Many of us do the same thing ideologically. Liberals claim the center by placing socialism on the left and national socialism on the right, even though Lenin/Stalin and Hitler/other Nazis had much in common as they centralized power and preached hatred. A more accurate spectrum would place totalitarians of many stripes on the left and defenders of religious, political, and economic freedom on the right.
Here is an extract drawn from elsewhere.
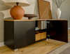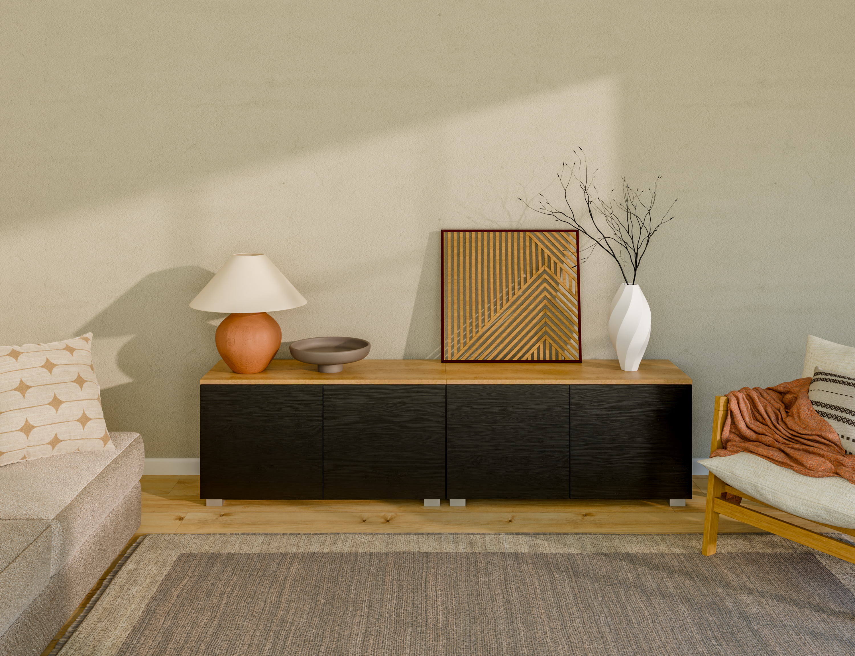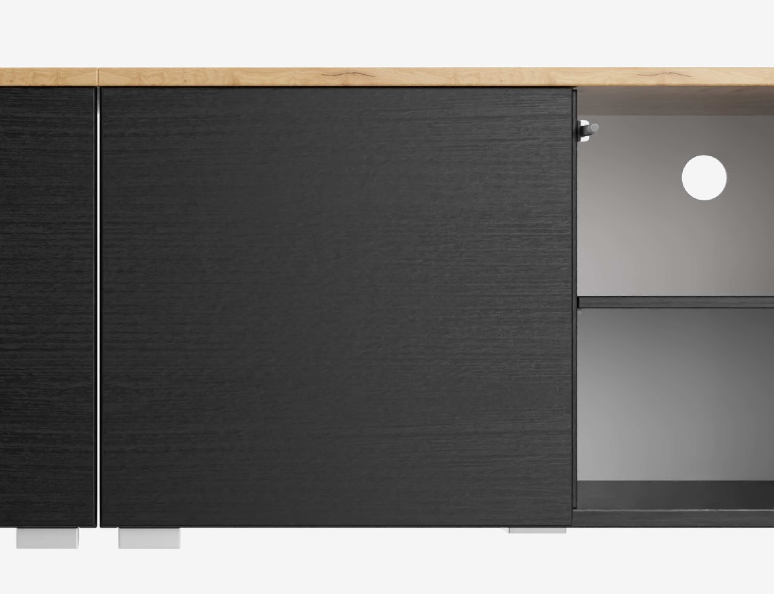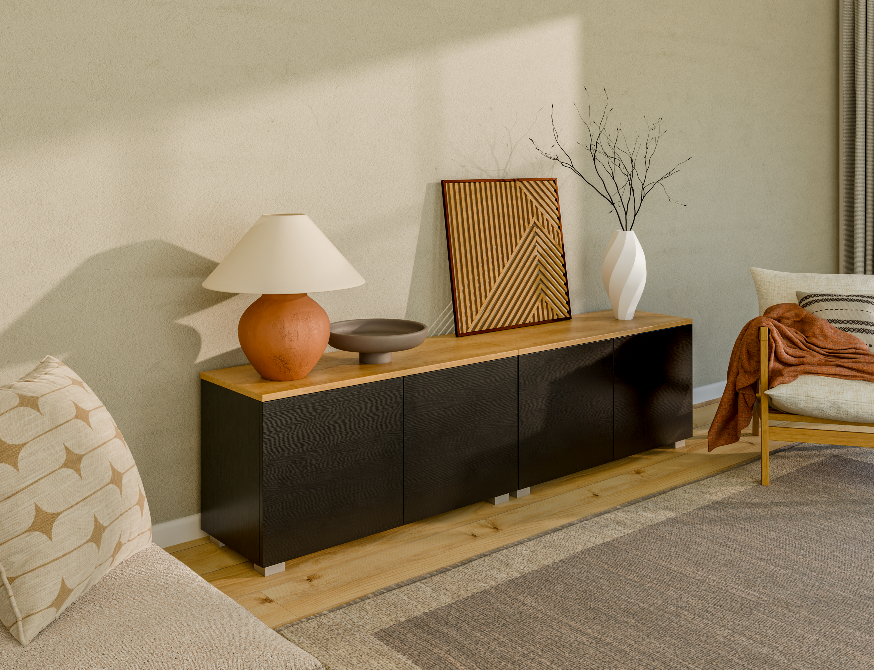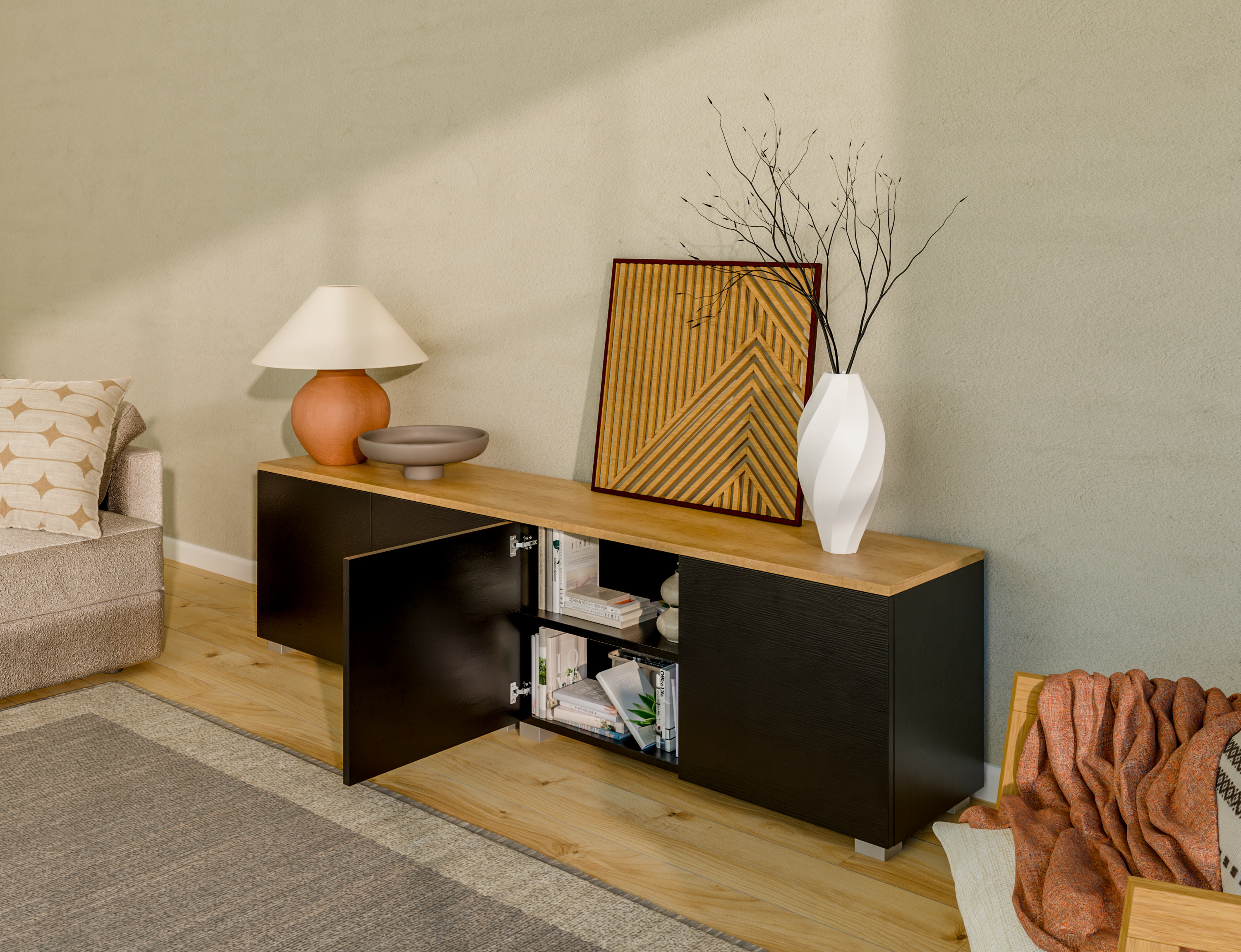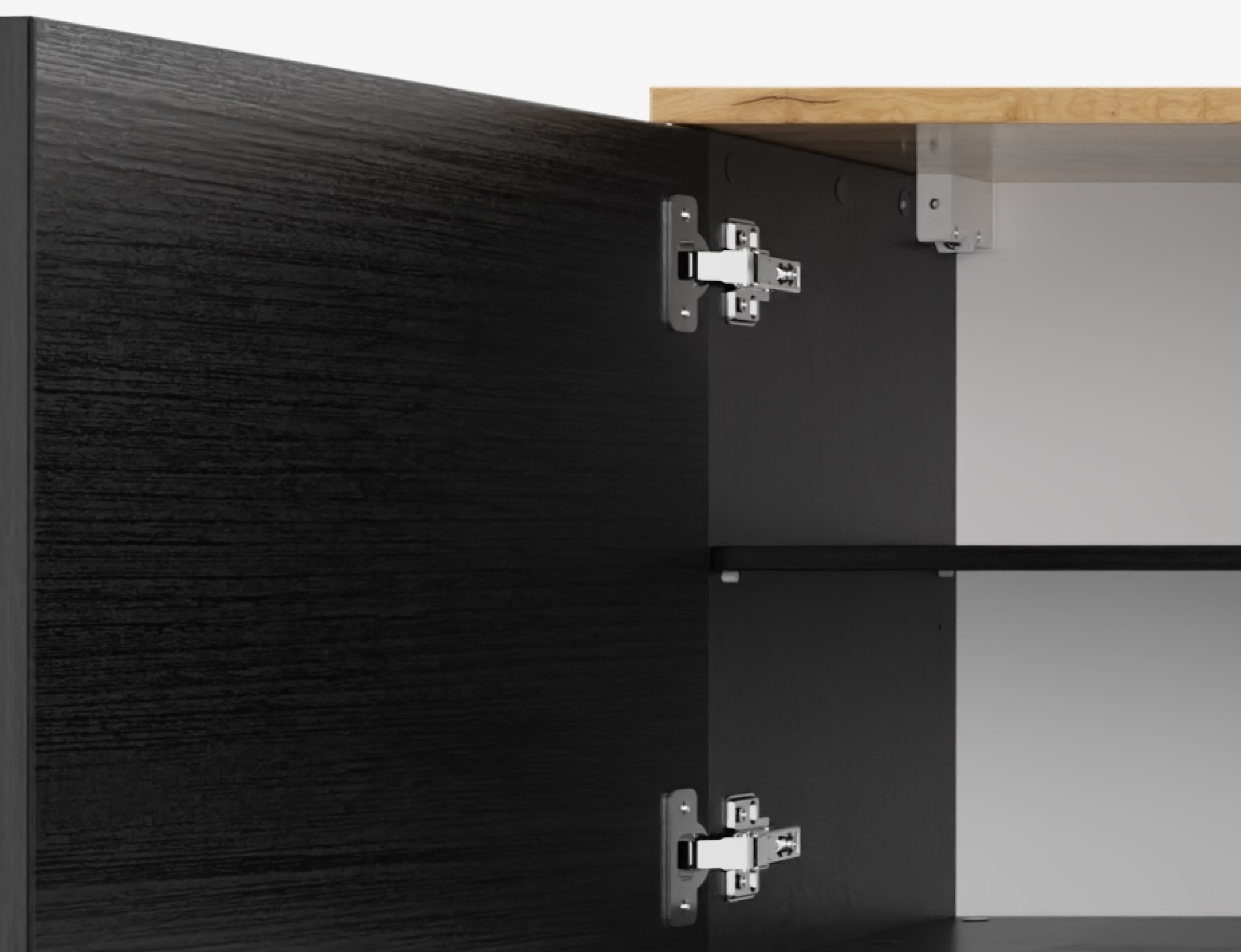 The TV cabinet from the LUNA collection is characterized by a simple and modern design. The top plate of this variant is made in oak color with a matte finish, which gives it a luxurious and unique look. Thanks to the push-to-open function, you can easily open the door without using handles or handles.

Many of us also do this personally. It's 10 years since I was active in the Bush campaign and 60 Minutes thought it worthwhile to smear me-but I walked right into it. The CBS producers cited my conservative positions and had the on-air talent ask me to define myself. "I'm a moderate," I chirped, and viewers who weren't bored probably dissolved into laughter. Well, I would have been a moderate a century ago, but I should have said that, in today's spectrum, I'm on the right.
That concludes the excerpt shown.